Sagaing villagers forced to wear military uniforms in ploy to prevent attacks

Regime troops have been forcing villagers in Sagaing Region’s Wetlet Township to dress like soldiers and march at the head of their column in a bid to fend off attacks, according to local resistance sources.

The column in question began advancing on Thit Seint Gyi, a village on the western bank of the Ayeyarwady River some 18km east of the town of Wetlet, late last week. 

Sources say the column of around 100 soldiers abducted at least 20 civilians along the way and another 20 when it arrived in Thit Seint Gyi late Tuesday.

Those who were captured were interrogated and then used as human shields, according to an officer from the GZ Special Task Force-Wetlet, an anti-regime group operating in the area.

“I heard they beat their prisoners during interrogation. What they wanted to know was where they could find the local resistance forces,” said the officer.

He added that the military also forced some of the abductees to wear military uniforms and walk at the front of the column.

“According to intel from our scouts, they forced some of the abducted locals to wear military uniforms, carry their baggage and walk at the front of the column, so groups like ours don’t attack them,” he said.

The troops marching through Wetlet have also been accused of torching hundreds of homes in the township, including in the villages of Magyi Thone Pin, Pale Thwe, Maung Kone and Hmethti.

Last Saturday, there were reports that they had killed at least three people, including a resident of Hmethti.

After the column arrived in Thit Seint Gyi, hundreds of people living in other villages in the same village tract, including Kadoh, Hlay Poh Seik, Ywar Thit, Yae Kan Poh, Kyar Kwin, and Htone Bo villages, reportedly fled their homes.

“We all know we have to run once they arrive, or else we’ll be interrogated or taken as hostages,” said one local who did not want to be named.

He added that some of the soldiers in the column that has been moving through the area were women.

While this could not be confirmed, it is consistent with reports that the wives of soldiers have increasingly been called upon to go into active duty amid high casualty rates and low recruitment numbers in the Myanmar military since last year’s coup.

Smoke rises from Padauk, a village in Sagaing Region’s Kanbalu Township, after it was attacked by junta troops on May 17 (Supplied)
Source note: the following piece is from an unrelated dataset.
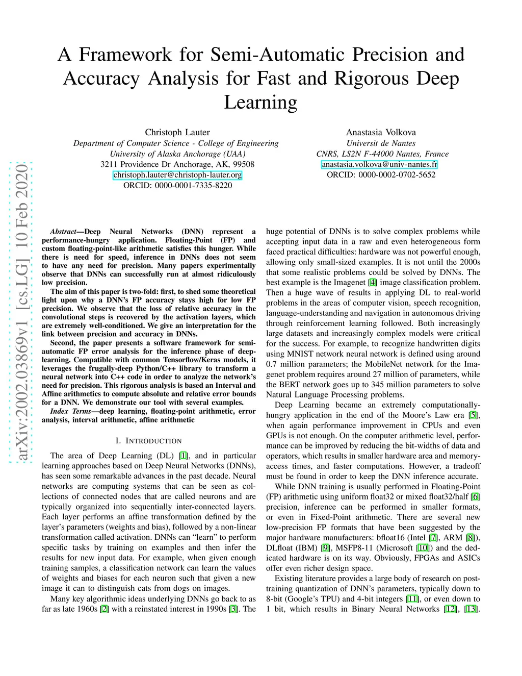 Deep Neural Networks (DNN) represent a performance-hungry application. Floating-Point (FP) and custom floating-point-like arithmetic satisfies this hunger. While there is need for speed, inference in DNNs does not seem to have any need for precision. Many papers experimentally observe that DNNs can successfully run at almost ridiculously low precision. The aim of this paper is two-fold: first, to shed some theoretical light upon why a DNN's FP accuracy stays high for low FP precision. We observe that the loss of relative accuracy in the convolutional steps is recovered by the activation layers, which are extremely well-conditioned. We give an interpretation for the link between precision and accuracy in DNNs. Second, the paper presents a software framework for semi-automatic FP error analysis for the inference phase of deep-learning. Compatible with common Tensorflow/Keras models, it leverages the frugally-deep Python/C++ library to transform a neural network into C++ code in order to analyze the network's need for precision. This rigorous analysis is based on Interval and Affine arithmetics to compute absolute and relative error bounds for a DNN. We demonstrate our tool with several examples.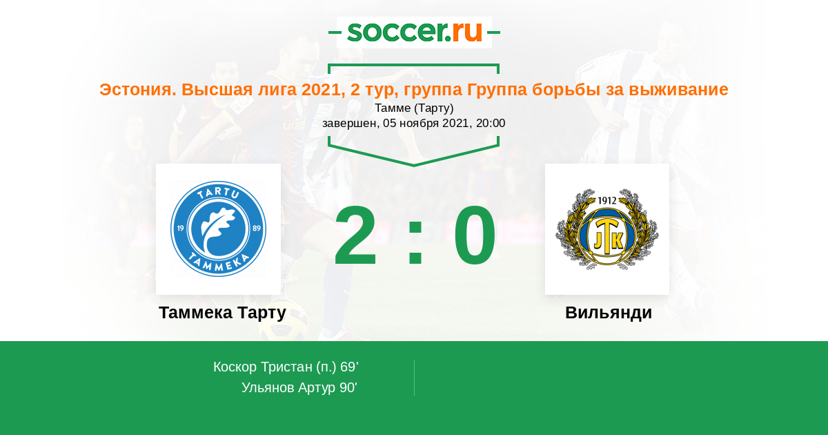 Запасные: 10 Ярвисте Михель (с 55'), 27 Ланеотс Доминик (с 90+2'), 2 Лянелаид Карл, 6 Уггери Джакомо, 13 Лаабус Рейо, 14 Нарусон Эгерт, 73 Тум Майт

Meanwhile, there have also been reports of widespread attacks on villages in the Chat Thin village tract, in Sagaing’s Kanbalu Township, in recent days.

According to resistance forces active in the area, a column of around 60 soldiers and 40 members of the military-backed Pyu Saw Htee militia destroyed 38 houses in four villages on Tuesday.

A resident of Kin Kyi, one of the villages that was targeted, said that the junta forces had a list of homes that were to be singled out for destruction.

“They chose the houses systematically. They went after property owned by families with ties to the revolutionary forces,” he said, adding that his own home was among those that had been burned to the ground.

Local resistance groups say they attacked the military column responsible for the raids, but no details regarding junta casualties were available at the time of reporting.